Cluster - Hybrid

Clustering groups items so that those in the same group/cluster have meaningful similarities (i.e. specific features or properties). Clustering facilitates informed decision-making by giving significant meaning to data through the identification of different patterns.

πŸ“˜

Why clustering data can be beneficial?

Clustering groups items so that those in the same group/cluster have meaningful similarities. Thus, clustering is a great tool to unravel hidden patterns in the data.

How to use hybrid-clustering on Relevance AI's platform

This clustering workflow combines different methods of clustering to group entries in a dataset.

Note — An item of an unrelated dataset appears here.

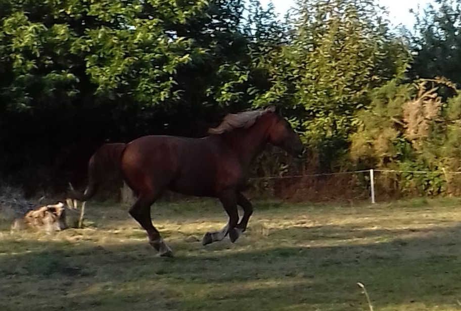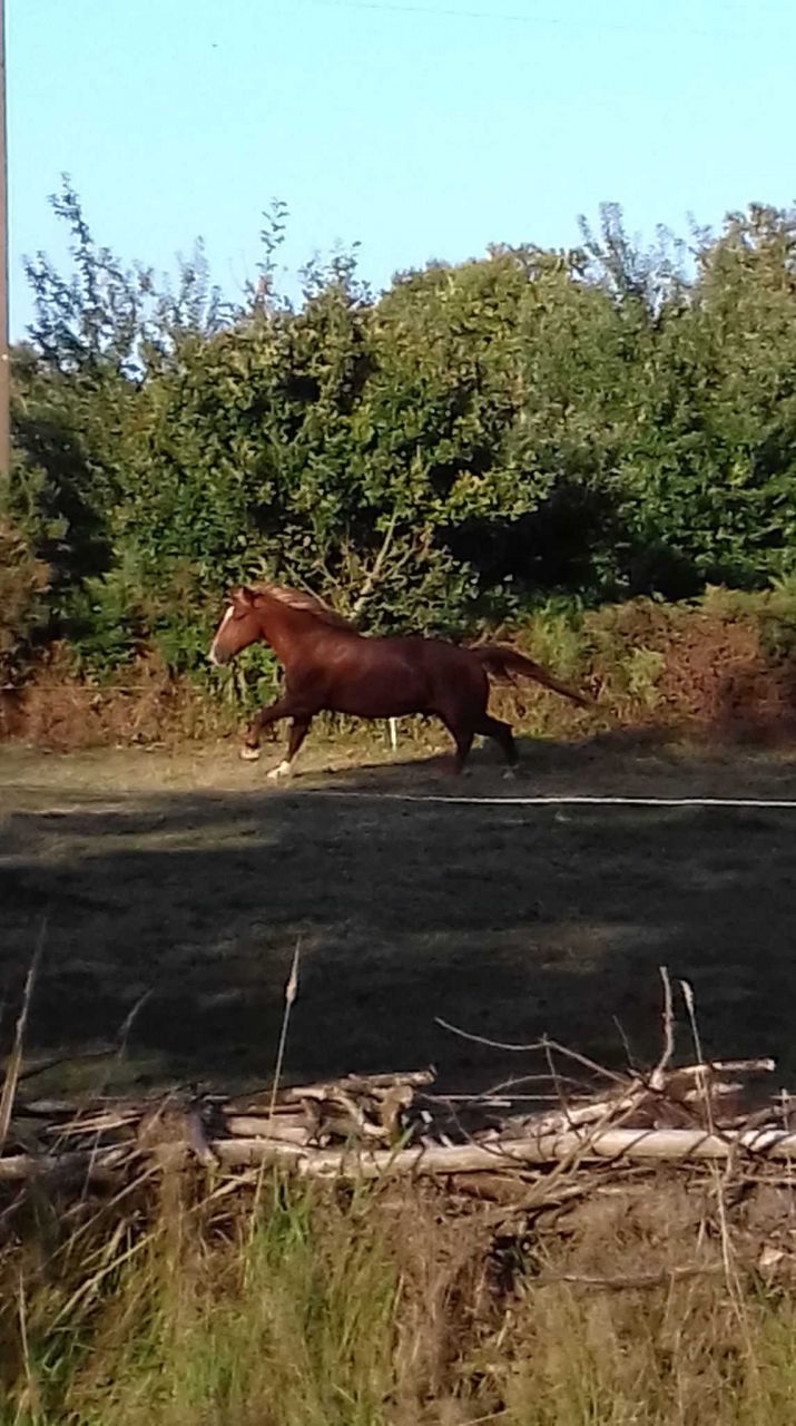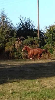 | Dire merci | Bon ben ça s'est super bien passé, Pierre qui attendait de pouvoir remonter à cheval depuis le début de l'été était ravi, et il a même pu monter Arouez sur le chemin du retour, donc il était super content. Et pendant ce temps là, à la maison, Sherpa galopait comme un neuneu dans son nouveau pré. |

Note: The accuracy of this technique is highly dependent on the data.

Once you have uploaded, vectorized, select your dataset and locate "Cluster- Hybrid" under Workflows.

Relevance AI - Access to hybrid clustering

Relevance AI - Access to hybrid clustering

Follow the steps in the setup wizard:

  • Select the text which to be used for clustering
  • Select the vector field to be used for clustering
  • Select your desired method for clustering (Kmeans, DBScan or both combined)
    Note: K-means Clustering is more efficient for large datasets. DBSCan Clustering can not efficiently handle high dimensional datasets since it discard items that are far from the rest of the data points.
Relevance AI - Cluster-hybrid setup

Relevance AI - Cluster-hybrid setup

  • specify the minimum and maximum number of clusters
  • Type in a name for the new field which gets added to your dataset to store the results
  • Execute the workflow

When the workflow is finalized, go to Datasets and you can see the resulting field is added to your dataset.